Will West Virginia Ever See A New Coal-Fired Power Plant?

Jun 10, 2014

The EPA has proposals on the table to regulate not only existing power plants, but new ones, based on carbon emission restrictions.
Credit Robb Kendrick / National Geographic

There’s been much deliberation over the last week regarding new Environmental Protection Agency proposals for regulating coal fired power plant carbon emissions. State officials are very discouraged by the ideas. But as Ben Adducchio reports, there are also proposals on the table for how to regulate future power plants, and some are asking whether any will be built again in West Virginia.

The EPA has issued new ideas on how to regulate existing power plants, which would call for a 30 percent national reduction on carbon emissions by 2030, from 2005 levels. Congressmen David McKinley and Nick Rahall  co-introduced  legislation to essentially strike down not only emissions standards  concerning current power plants, but additional proposals that would apply to  future power plants.

Those proposals came out last year, and would require new plants to use cleaner methods—like carbon capture and storage, and natural gas technologies, to ensure fewer carbon emissions. Jamie Van Nostrand with the West Virginia University Center for Energy and Sustainable Development says these new technologies will present many challenges for anyone wanting to build a new plant.

"It’s very difficult given the rules under 111 b, which really restrict the greenhouse gas emissions associated with new power plants, and pretty much require carbon capture and sequestration, either through a gasification process before you generate electricity, or capturing it and sequestering it afterwards, and those are very very expensive, particularly in the absence of having oil recovery nearby," said Van Nostrand.

American Electric Power attempted this type of technology at a plant in southern West Virginia. That didn't  completely succeed, due to funding issues. Jeffrey La Fleur with AEP says the technology needs more research and funding.

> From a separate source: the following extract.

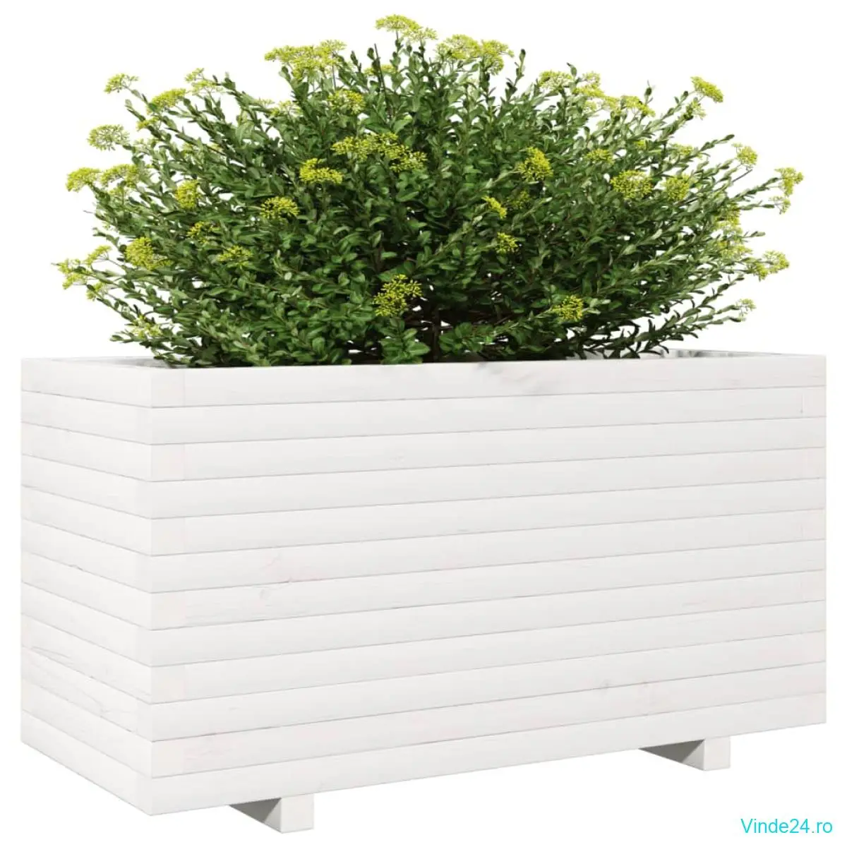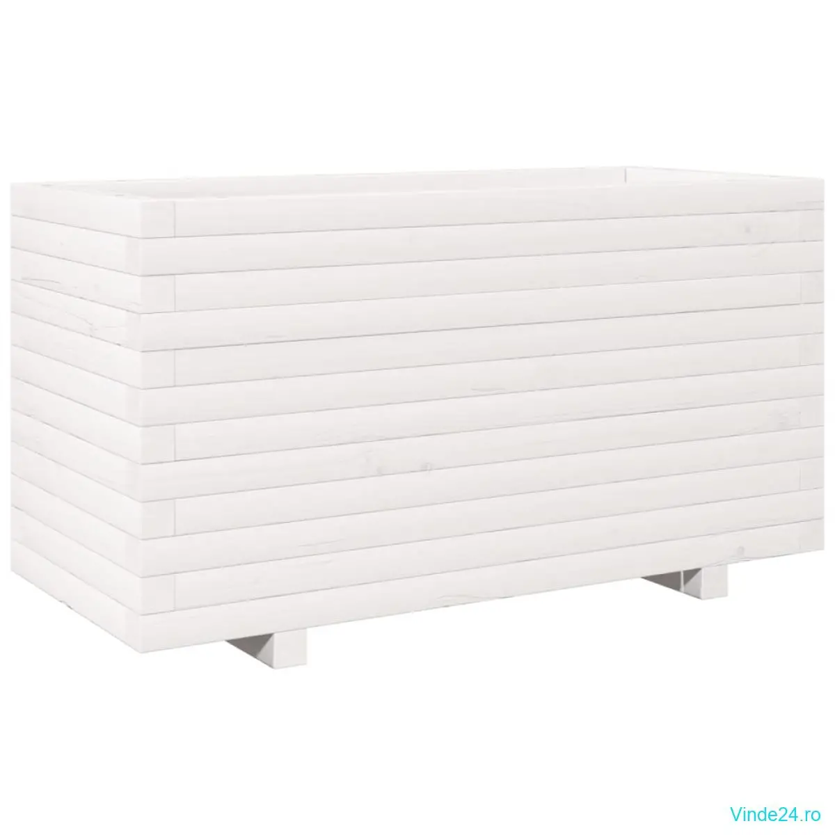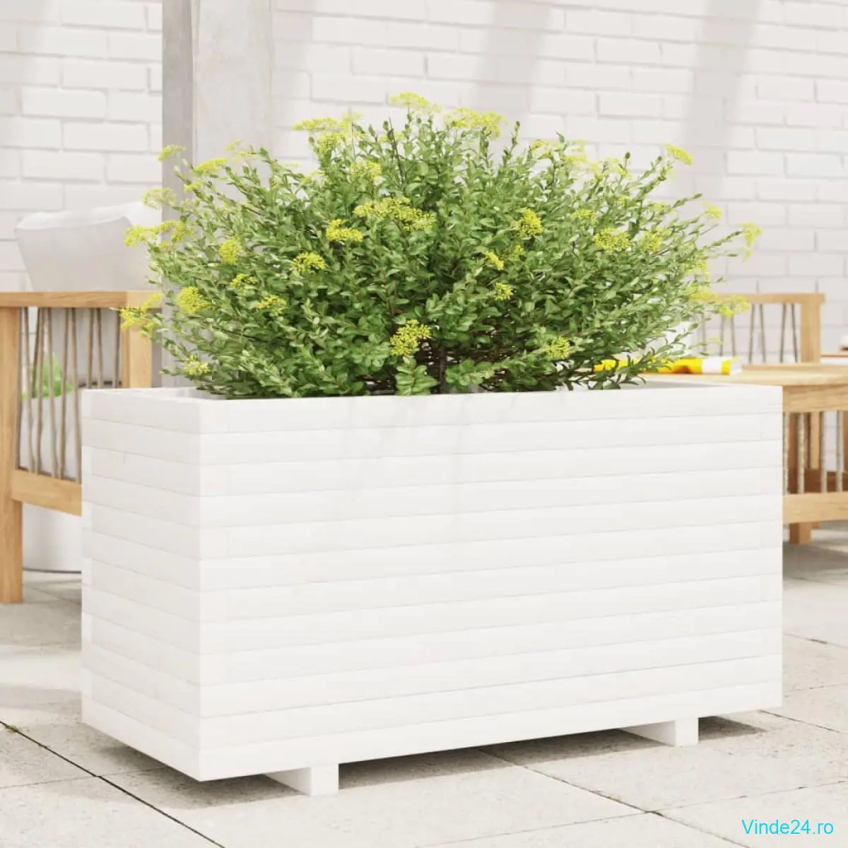 vidaXL Jardinieră de grădină, alb, 90x40x49,5 cm, lemn masiv de pin

"I think we would be a lot further down the road now if we had a little more foresight on the government’s part to develop the technology. For new coal units, the EPA proposed rule is that you will have to have carbon capture to build a new plant and because of all of this has stopped, that technology is not commercially available," he said.

But Jamie Van Nostrand believes with the new power plant proposals, it can be done.

"The CCS technology is continuing to improve, there’s a lot of money being spent on clean coal technology, and I think the expectation is down the road, the regulation under 111 b would allow the technological advances that would allow a coal plant to be constructed in the future," he said.